While all council frontline services are experiencing higher than expected costs, increasing demand and an acute rise in the costs of placing children in care mean in-year spending on children’s services is spiralling out of control, with almost half (£319m) of the projected £639m overspend attributable to this service.

The CCN is now calling for emergency funding for children’s services this year and next to prevent them having to undertake drastic spending reductions to other services and reduce their reserves to ‘unsustainable levels’.

The budget survey of 41 county and unitary councils, which cover half of England’s population, reveals adult social care also made up a quarter (25%, or £179m) of the projected overspend.

Over recent weeks several county authorities have sounded the alarm bells on their in-year financial position, based on their first quarter of 2023/24 projections. Derbyshire County Council have forecast that they are on course to overspend their budget by £46m, Shropshire Council by £37.6m, Suffolk County Council by £22m and Hertfordshire County Council by £16.4m. However, this survey shows for the first time the scale of the challenge across all of England’s largest councils.

With children’s services making up almost half the projected overspends, councils point to a sharp increase in post-pandemic demand in children’s services and the cost of care placements rising due to inflation and a ‘broken’ provider market. Recent research by the CCN showed there was a surge in over 20,000 extra referrals in county areas following the pandemic and over 1,000 more children in local authority care; a trend that has not abated since.

Recent reports by the Local Government Association (LGA) found that the largest private and independent providers of children’s social care made profits of more than £300 million last year at the same time as children’s social care budgets were stretched.

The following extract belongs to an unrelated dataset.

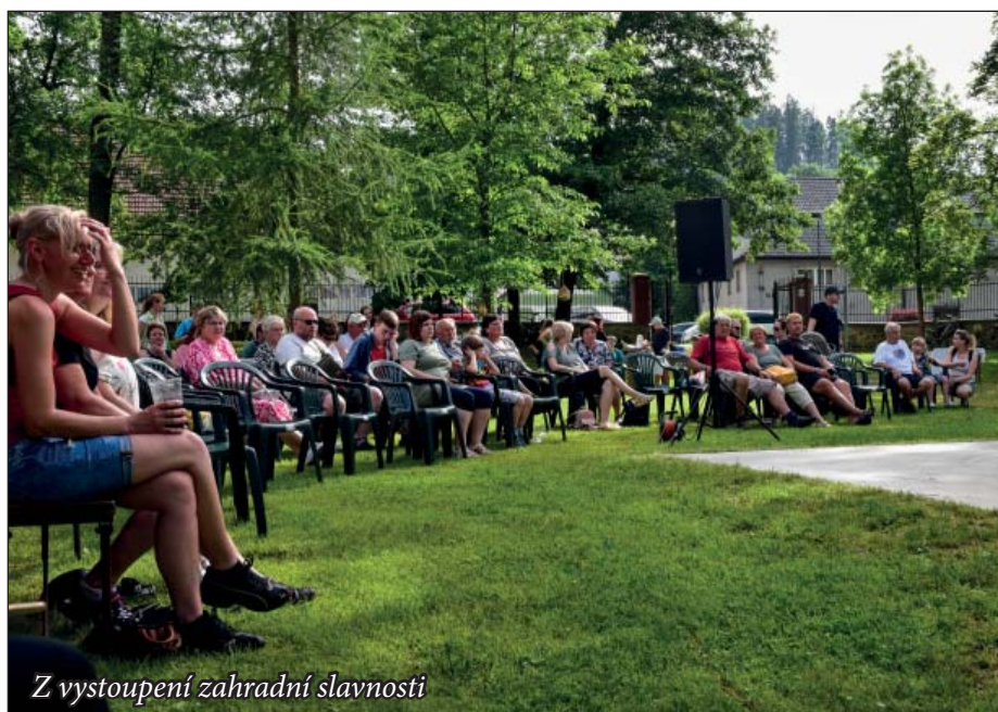
Z vystoupení zahradní slavnosti

Cllr Barry Lewis, CCN Vice Chair and Finance Spokesperson, said the majority of the £639m of additional and unexpected spending this year is simply outside of councils’ control.

“The number of vulnerable children requiring care has risen dramatically post-pandemic, while inflation and a broken provider market in statutory care placements mean councils face no choice but to pay spiralling fees.

“County authorities will do all they can to bring down costs over the coming period and have pencilled in £2bn of unprecedented further savings to help balance the books. But after a decade of continuous cutbacks, the scale of reductions and use of reserves needed to fill the funding shortfall is simply unsustainable.”